Products were first assessed with single cell RNA sequencing. A. Uniform Manifold Approximation and Projection (UMAP) identifying unique T cell clusters in integrated CAR and 15.CAR pre-infusion products. B-C. Differential representation of CAR vs 15.CAR T cells in clusters shown in UMAP projection (B) and proportion for each cluster (C). Center line: median, box limits: first and third quartiles, whiskers: 1.5x the interquartile range, dots: outliers. D. Differentially expressed genes in CAR vs 15.CAR products. E. Frequencies of CD4/8 and effector / memory subsets in CAR vs 15.CAR products by flow cytometry. Two-tailed, unpaired T test and two-way ANOVA with Šídák correction, respectively. F. Cytotoxicity of CAR vs 15.CAR products measured by ⁵¹Cr release assay. G. Polyfunctionality strength index comparing vs 15.CAR T cell product’s cytokine production by Isoplexis. Two-way ANOVA with Šídák correction. H. Differentially expressed cytokines in CD8 subsets of CAR and 15.CAR T cell products. I. Peripheral blood CAR T cell frequencies quantified by qPCR at indicated timepoints for each patient. J. Comparison of peak expansion on dose level 2 of CAR vs 15.CAR T cells post-infusion. Two-tailed, unpaired T test. Data represented as mean ± SD. K. Comparison of expansion of cells in responders vs non-responders and Mann-Whitney test. Data represented as mean ± SD.

Fig 4.. Comparing the single cell gene expression profile of tumor infiltrating 15.CAR T cells post-infusion in responders vs non-responders.

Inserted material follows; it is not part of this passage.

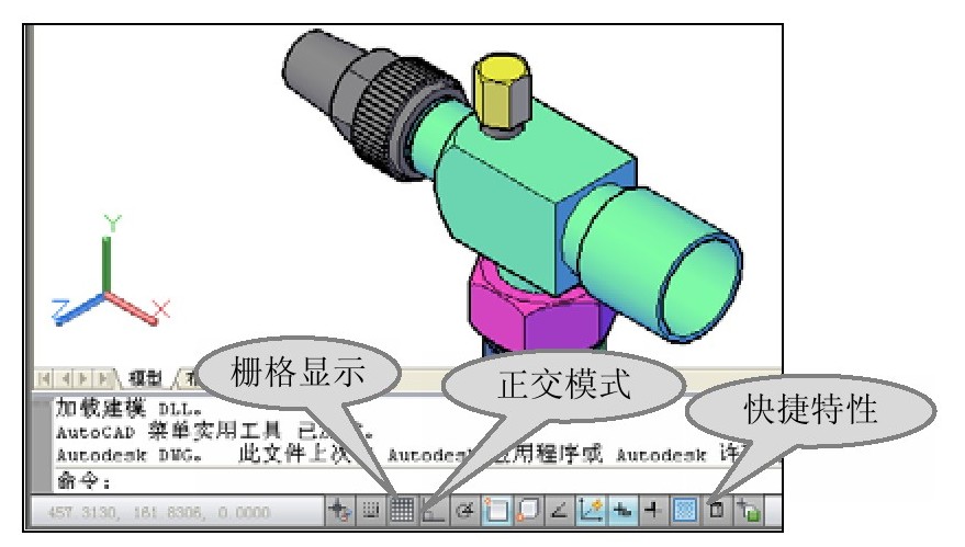 AutoCAD 2011新增加了三维对象捕捉功能。三维对象捕捉功能在三维模型中有效,三维对象捕捉能够捕捉到三维模型的三维顶点、三维端点、三维中心点。在状态栏中按下“三维对象捕捉”按钮

The transcriptomic profile of Infusion products and tumor infiltrating 15.CAR T cells were interrogated with single cell RNA sequencing. Differentially expressed genes (DEGs) for indicated groups were determined by comparing the product- with peripheral blood tumor-derived 15.CAR T cells. A. UMAP projection of tumor infiltrating 15.CAR T cells from responders and non-responders. B. Unsupervised clustering of cells corresponding of tumor infiltrating CAR T cells of responders and non-responders from the 15.CAR cohort. C. Differences in cluster proportions for indicated groups. D. DEG comparison (product vs tumor infiltrating 15.CAR T cells) in responders (x axis) vs non-responders(y axis) from the 15.CAR cohort. E. Gene sets enriched in tumor infiltrating 15.CAR T cells. F. Heatmap representing the genes with most differences in change from baseline in responders vs non-responders in 15.CAR T cells.